Cabe esclarecer que, em 2015, sob minha gestao, a Galvão perdeu o contrato de concessão da CAB Cuiabá, pela pessima prestacao dos sevicos, pela falta de agua e diversos outros descumprimentos contratuais.
Se a Galvao relatou estes fatos mentirosos, deve ter feito em represália a correta postura da prefeitura em defesa dos cuiabanos. A verdade é que, como prefeito de Cuiabá e em toda minha vida publica, não tenho nenhuma mancha sobre nossa conduta e não existe nenhum processo de improbidade ou de má utilização de dinheiro público.

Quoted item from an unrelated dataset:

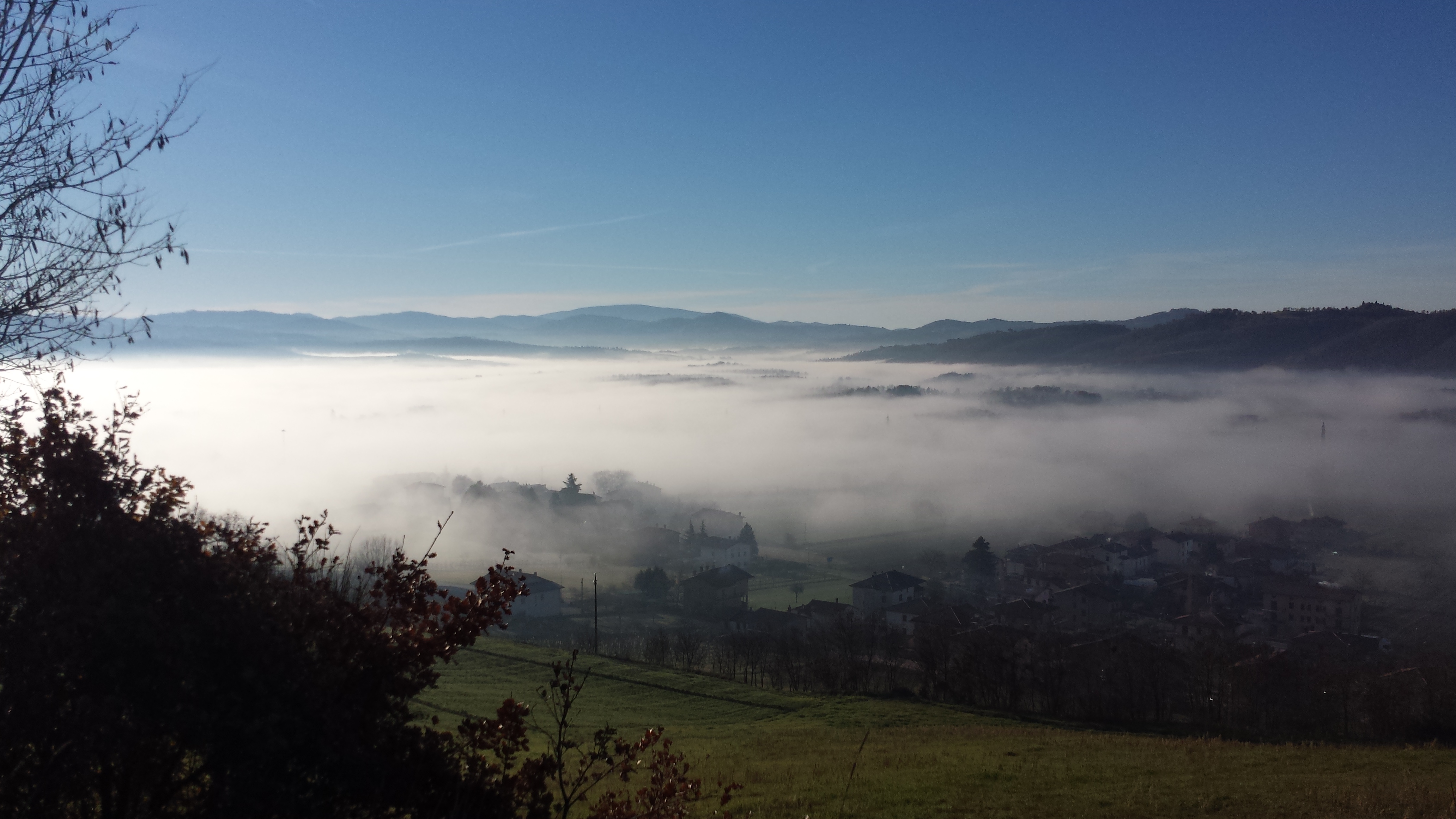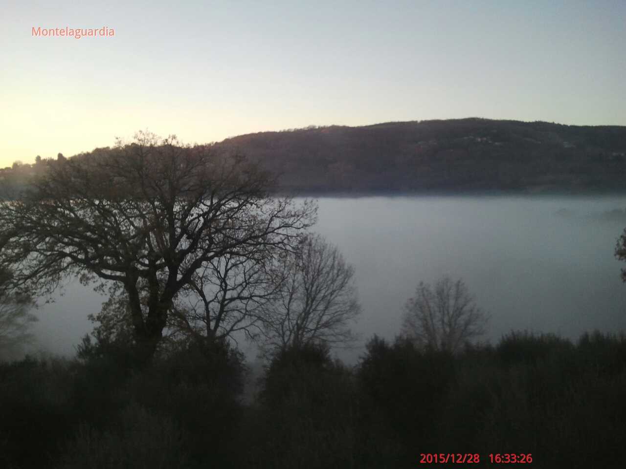 Questa è la Conca Ternana all'alba della mattina di Santo Stefano (ore 6:45) inmortalata da sud est (in località Miranda). A sinistra, all'orizzonte, i "lontani" Monti Cimini del viterbese, coi paesi arrampicati. Al centro la luna che tramonta verso i monti che ci separano da Orvieto, alla sua destra le luci della frazione di Cesi ai piedi dei Martani. Ancora più a destra il grosso della città di Terni che illumina il mare di nebbia. Nel margine inferiore della foto, infine, le alture meridionali cittadine che affiorano. Che ne dite? Complimenti al fotografo!

Sempre tivemos uma atuação correta e honesta. Diferente do grupo politico que armou esta farsa, pois nos quatro cantos de Cuiabá escutamos relatos de desvio de dinheiro publico, sendo praticados
por vários de seus integrantes. Sempre acreditei e continuo acreditando no Ministerio Público estadual e federal, nos órgãos de controle e que esta quadrilha será desmascarada, seus crimes apurados e terão as devidas penas legais."